The real angle here: Square drops its marketplace commission fees entirely. Restaurants typically pay hefty cuts to platforms like DoorDash and Uber Eats. This removes that layer. But Square still collects its standard online payment processing fees of 3.3% plus $0.30 or 2.9% plus $0.30 per transaction, depending on which merchant plan the restaurant uses.

The appeal splits cleanly. For consumers, ordering becomes frictionless. Instead of opening an app, searching, navigating menus, restaurants solve the discovery problem by living inside AI tools people already use. For restaurants, the pitch is economic relief. Marketplace commissions run 15% to 30%. Square's fee structure undercuts that dramatically, even with payment processing costs included.

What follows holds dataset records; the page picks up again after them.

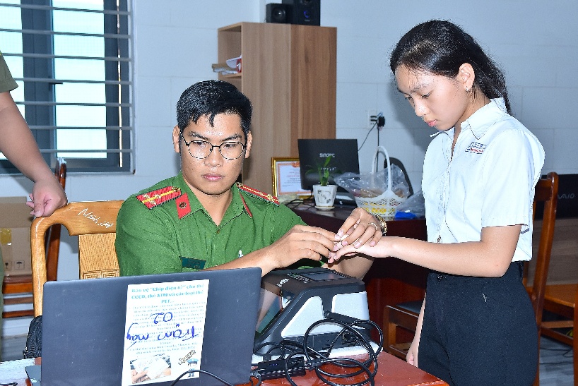 Tổ cấp căn cước Công an phường kiểm tra đối chiếu thông tin và thực hiện thủ tục lấy dấu vân tay.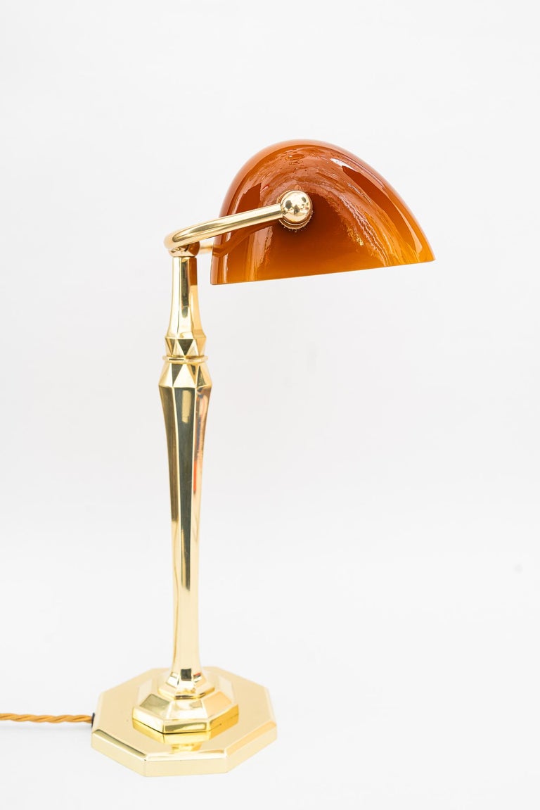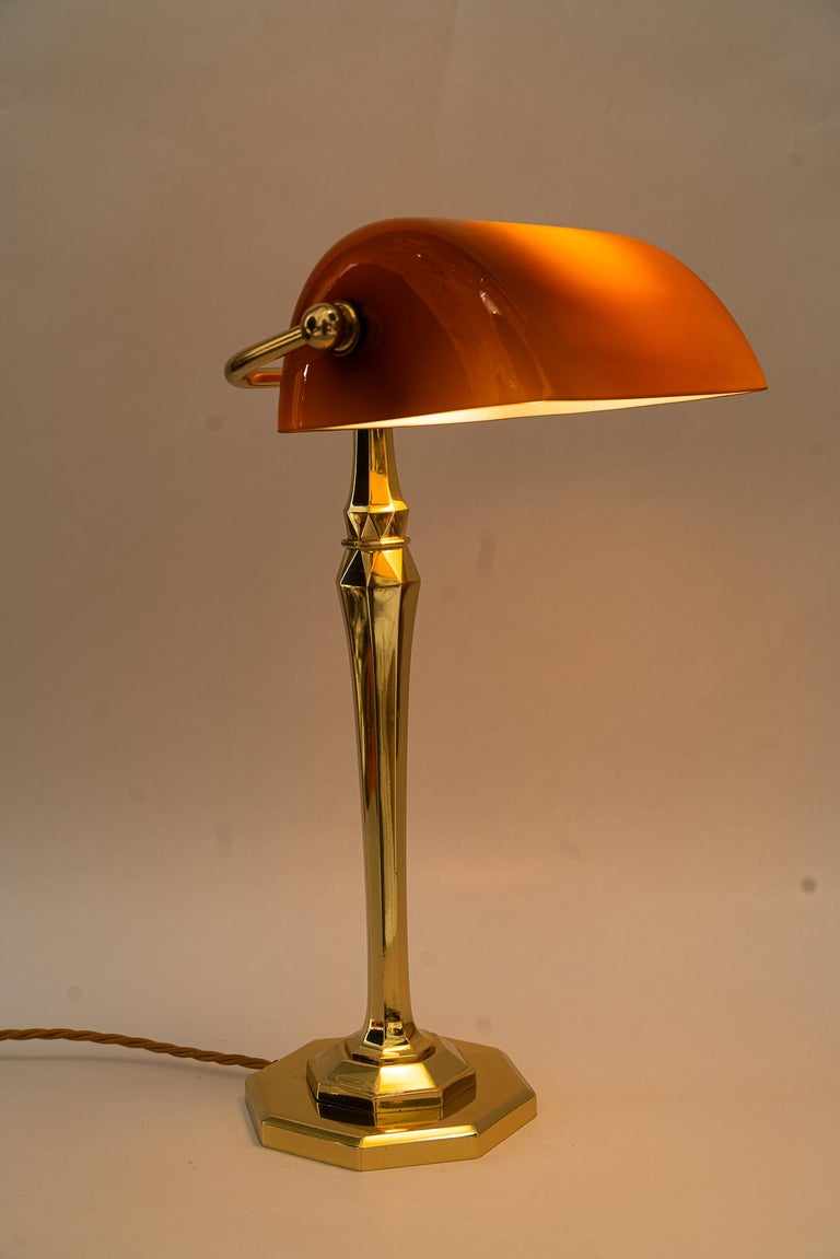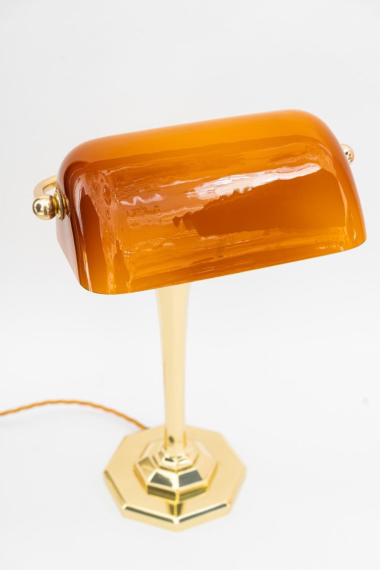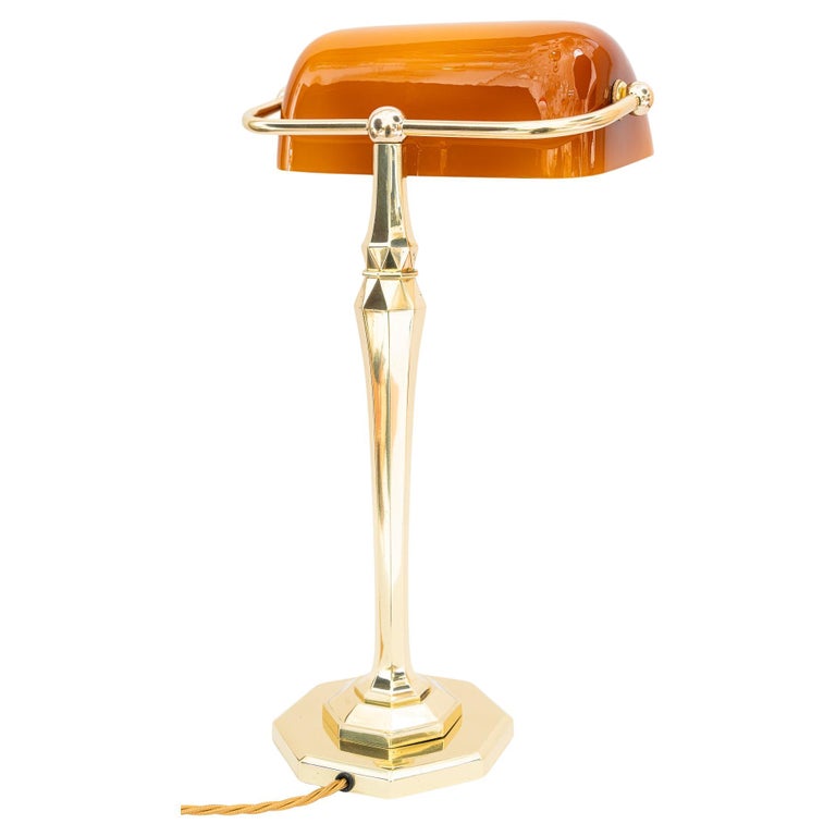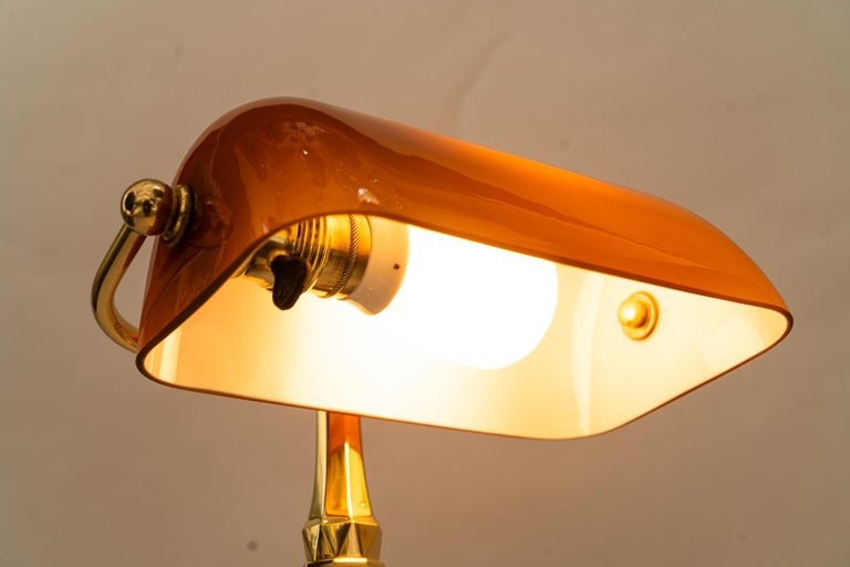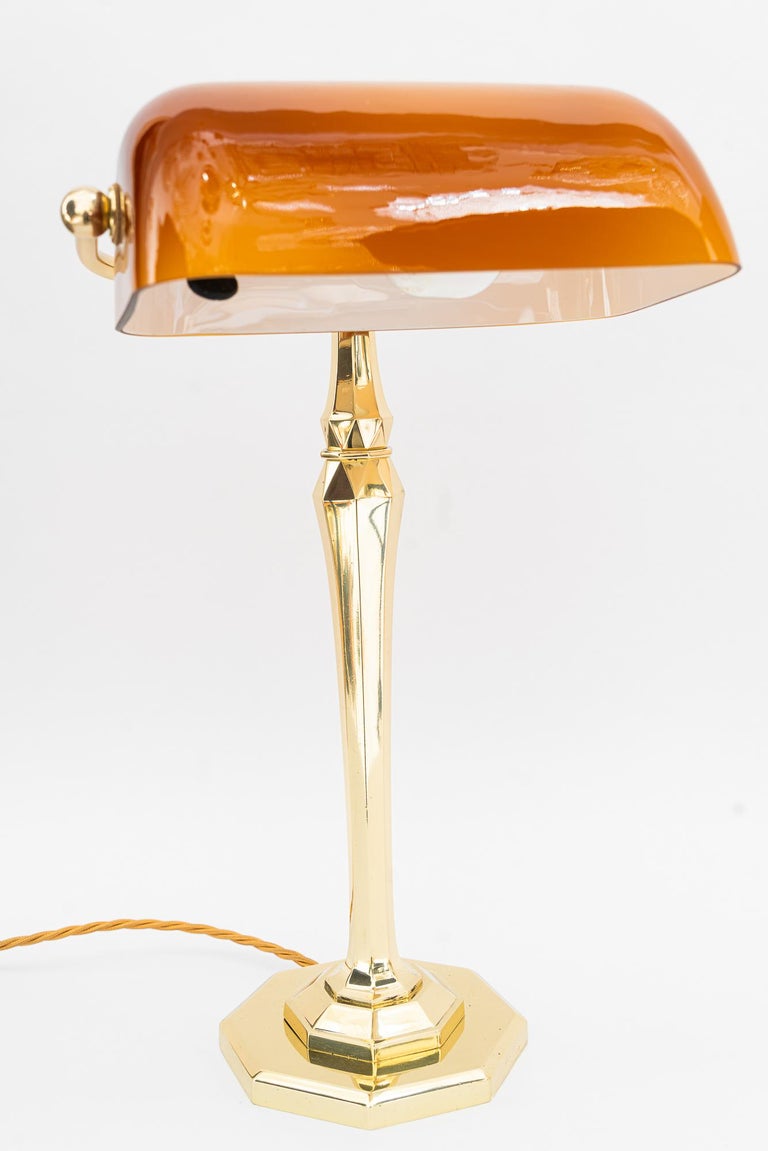 Solid Banker table lamp with original glass shade vienna around 1920s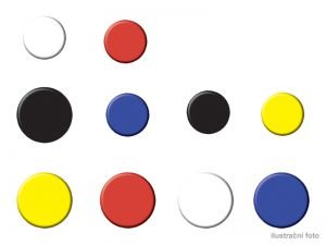Magnet 851/13 mm mix barev (14 ks). průměr: 13 mm mix barev: žlutá, modrá, červená, zelenáí, bílá, černá - prodává se pouze na celá balení balení: 14 ks Barevný magnet 851/13 je vhodný na nástěnky, flipcharty …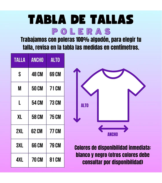 - Confeccionado en poleras 100% algodón, talla estándar unisex y cuello redondo.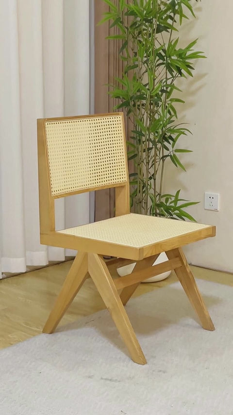 背と座に施されたラタンは、ほどよい透け感で視界を邪魔せず、軽快な印象に。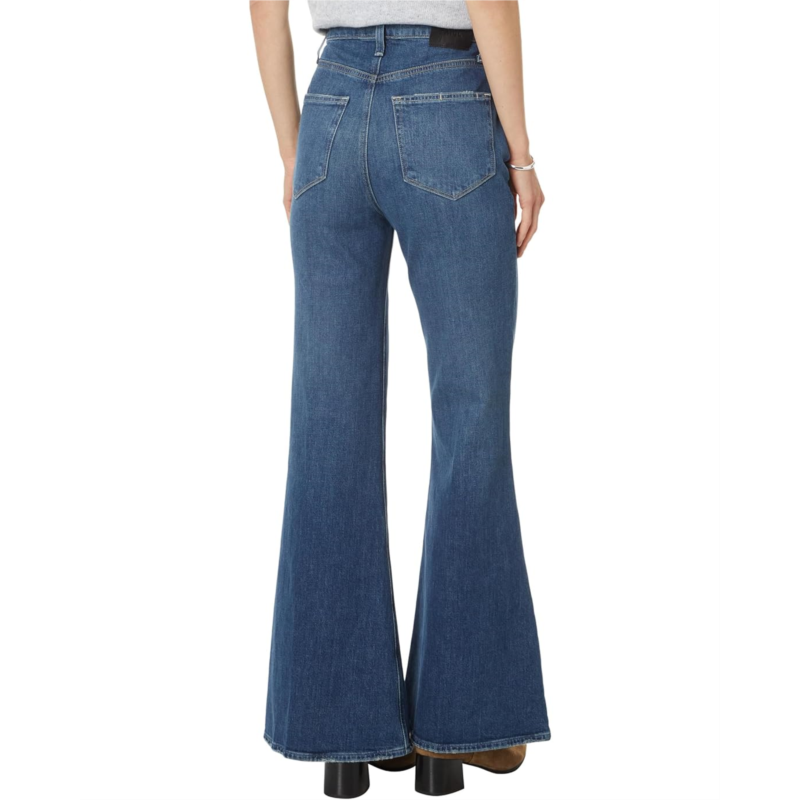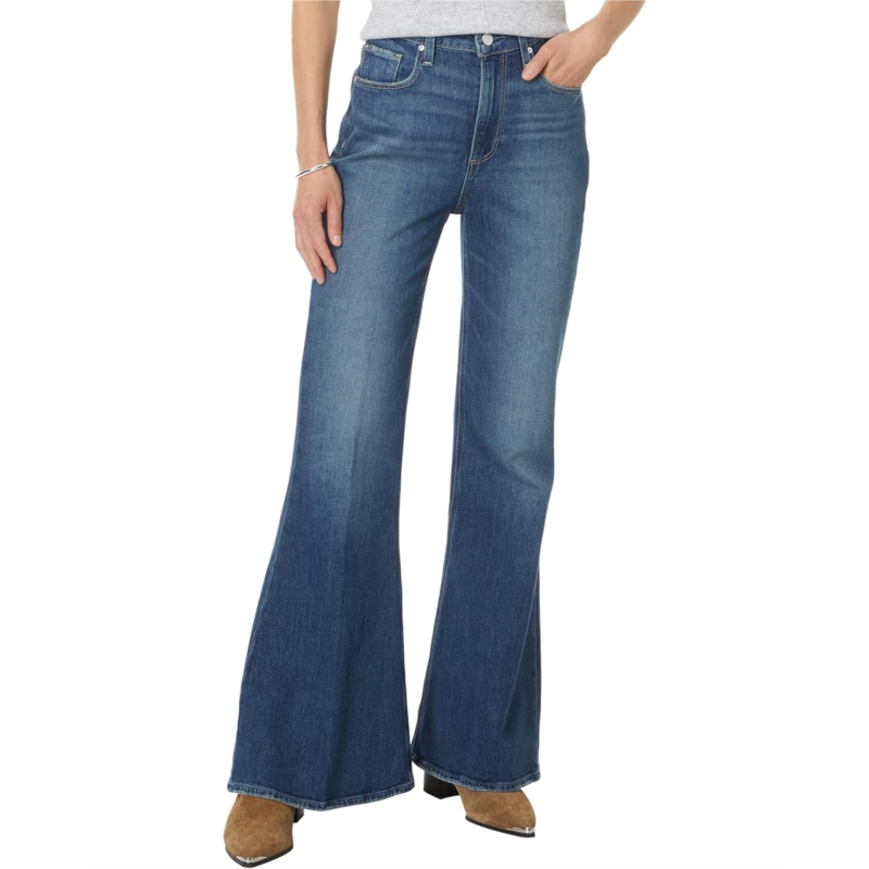 Find your perfect fit in the Paige Charlie 32'' in Mixtape. This jeans is fitted through the hip and thigh, opening to a flare from the knee down. Featuring high rise silhouette, classic five-pocket style, zip-fly, and button closure. This fabric seamlessly blends comfort with everything you love about authentic denim to create super soft jeans that feel perfectly lived-in from the very first wear.
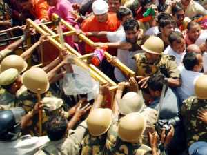 अधिकारियों ने घटना की सूचना पुलिस को दी जब तक पुलिस मौके पर पहुंचती ग्रामीणों ने कार्यालय को तहस नहस कर दिया। स्थिति को काबू में करने गये पुलिस दल पर किसानों ने पथराव किया और हवा में गोलियां चलाई। इस दौरान हुए पथराव में सात पुलिसकर्मी घायल हो गए। ग्रामीणों के गुस्से को देखते हुए क्षेत्र में भारी पुलिस बल तैनात किया गया। उधर अलीगढ जिले के टप्पल एवं घगोड़ी गांव में भी ग्रामीणों सडक पर जाम लगाकर जेपी ग्रुप के लिए काम करने वाले रहे मजदूरों की झोपडियों में आग लगायी और उन्हें कार्य स्थल से खदेड़ दिया।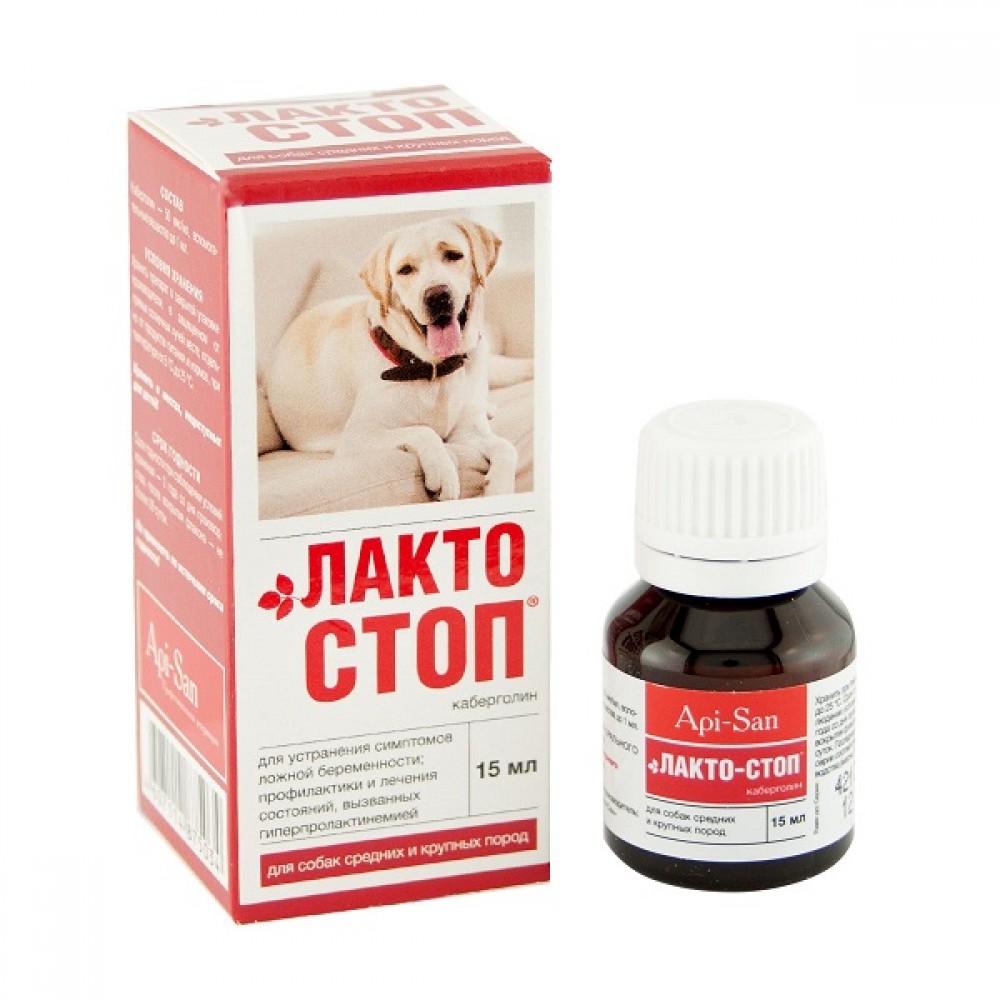 Apicenna Лактостоп - раствор для орального применения, лечащий ложную щенность (беременность) и подавляющий лактацию по медицинским показаниям у собак и кошек. Объём упаковки - 7 мл и 15 мл.

Square pulls restaurant data directly from its platform into the AI plugins, so no restaurants need to set up new systems or APIs. This low-friction onboarding matters. Adoption barriers disappear. A small restaurant operator can enable AI ordering with a few clicks, not months of engineering work.

The catch: this only works for restaurants already on Square's payments network. Coverage remains limited compared to DoorDash's restaurant universe. The plugin also competes against AI agent adoption timelines. Claude and ChatGPT need to reach critical mass as ordering platforms first. Right now, most food orders flow through dedicated apps.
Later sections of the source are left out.